Balking at Governor Mitt Romney's opposition, members of the Massachusetts legislature recently introduced a petition for legislation to reduce carbon dioxide emissions in Massachusetts through participation in the Regional Greenhouse Gas Initiative (RGGI), a regional cap-and-trade program intended to reduce greenhouse gases in the Northeast. However, because of concerns over the program's effect on electricity prices, it is questionable whether the bill can be passed before the state legislative session ends in July 2. A two-thirds majority vote of the legislators would be needed to override the Governor's anticipated veto.
In December 2005, in a move reminiscent of the Bush Administration's rejection of the Kyoto Protocols, Governor Romney announced that Massachusetts would remove itself from participation in the RGGI, but would pursue its own carbon dioxide emissions reduction plan, which went into effect on January 1, 2006. (See Mass.
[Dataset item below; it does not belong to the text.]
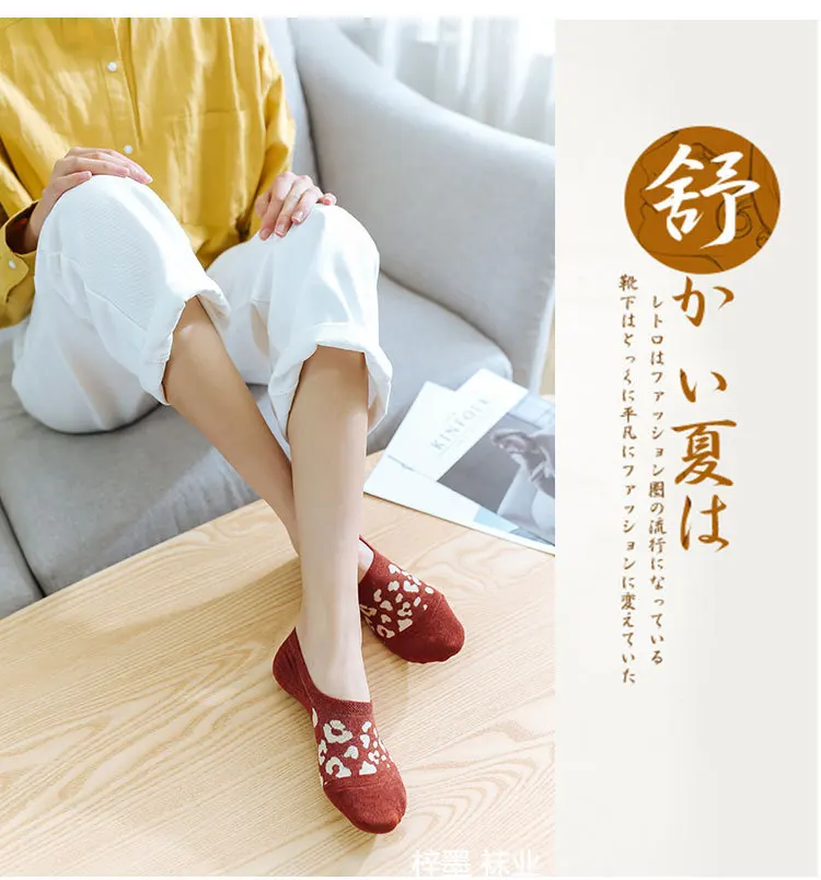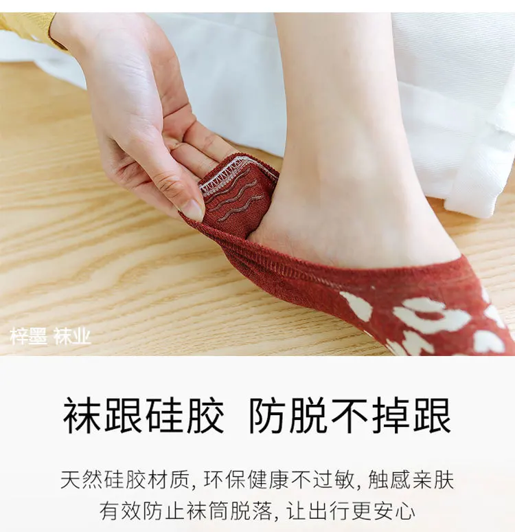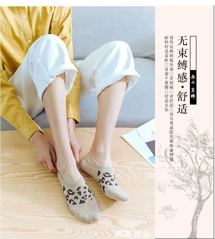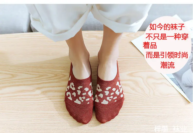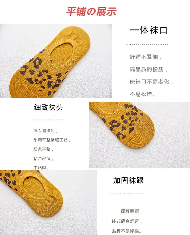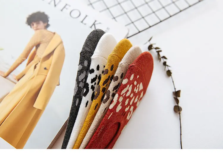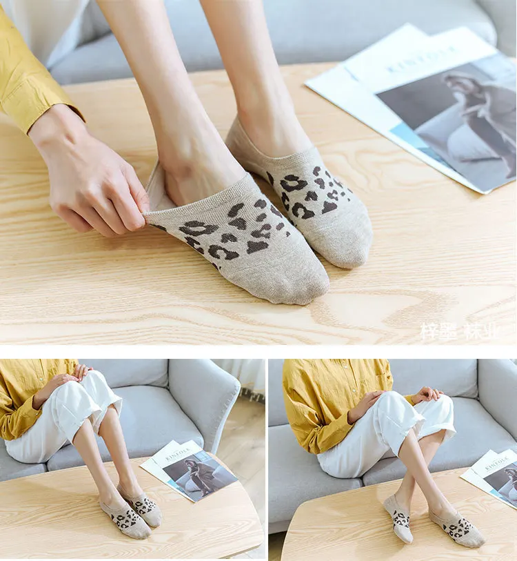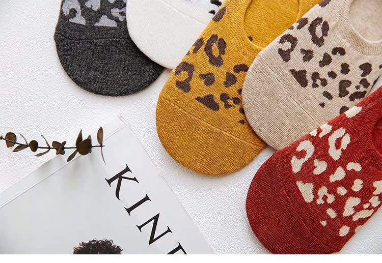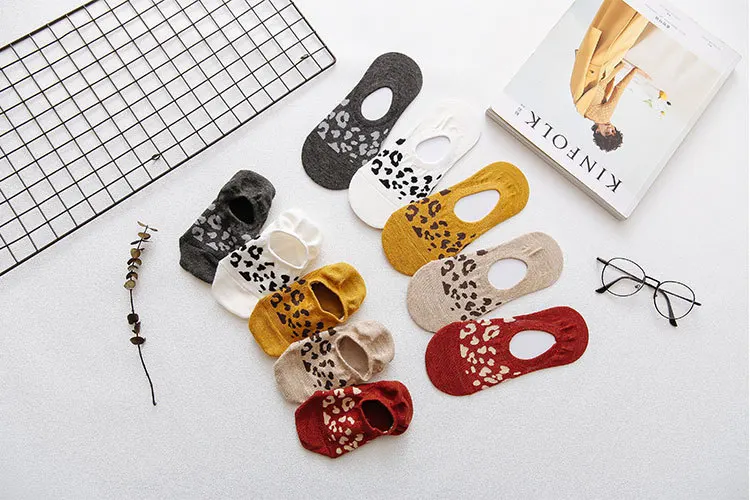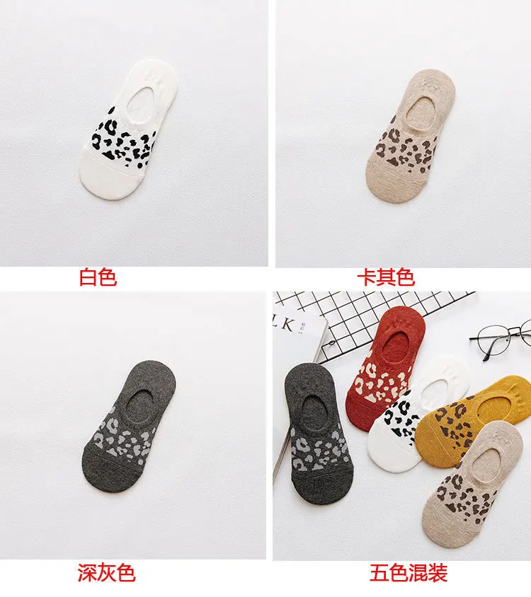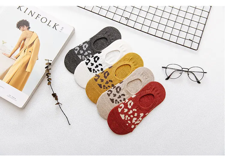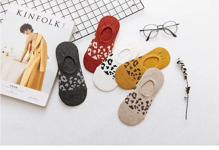 Женские леопардовые невидимые нескользящие носки, Летние Удобные Хлопковые женские лодочные носки по щиколотку, 1 пара = 2 шт., ws192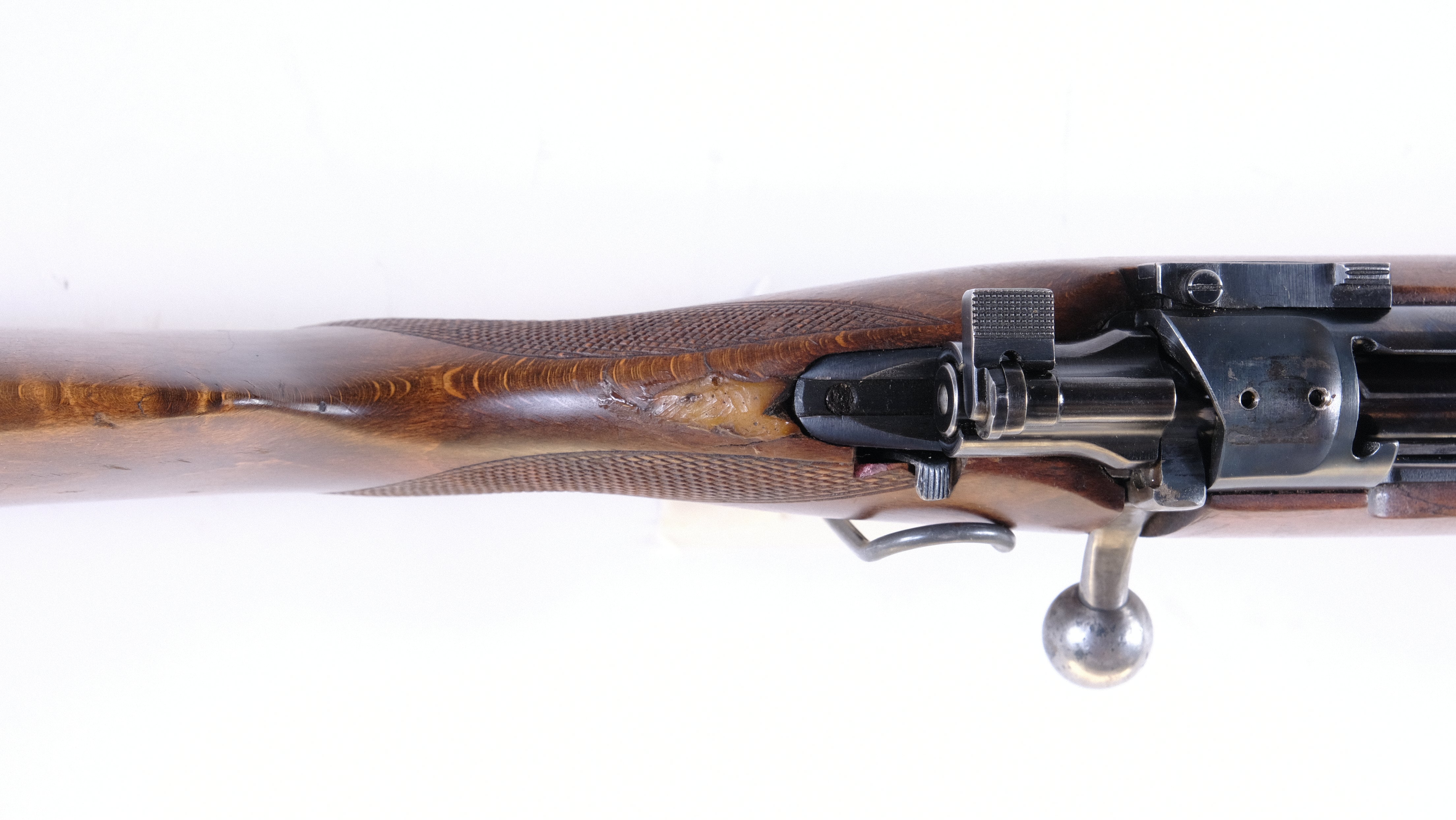 • Stock has a poorly repaired wood chip behind the tang

Governor Announces New Carbon Dioxide Emissions Reduction Plan) The state's current plan includes a cap-and-trade system, but without price caps.
Because Massachusetts is a key contributor of gas emissions in the Northeast region, its participation in the RGGI is significant. Currently, all other New England states, save tiny Rhode Island, which also dropped out of the RGGI plan in December 2005, have a formal agreement in place to pursue the RGGI and are now moving forward on legislation to adopt the RGGI.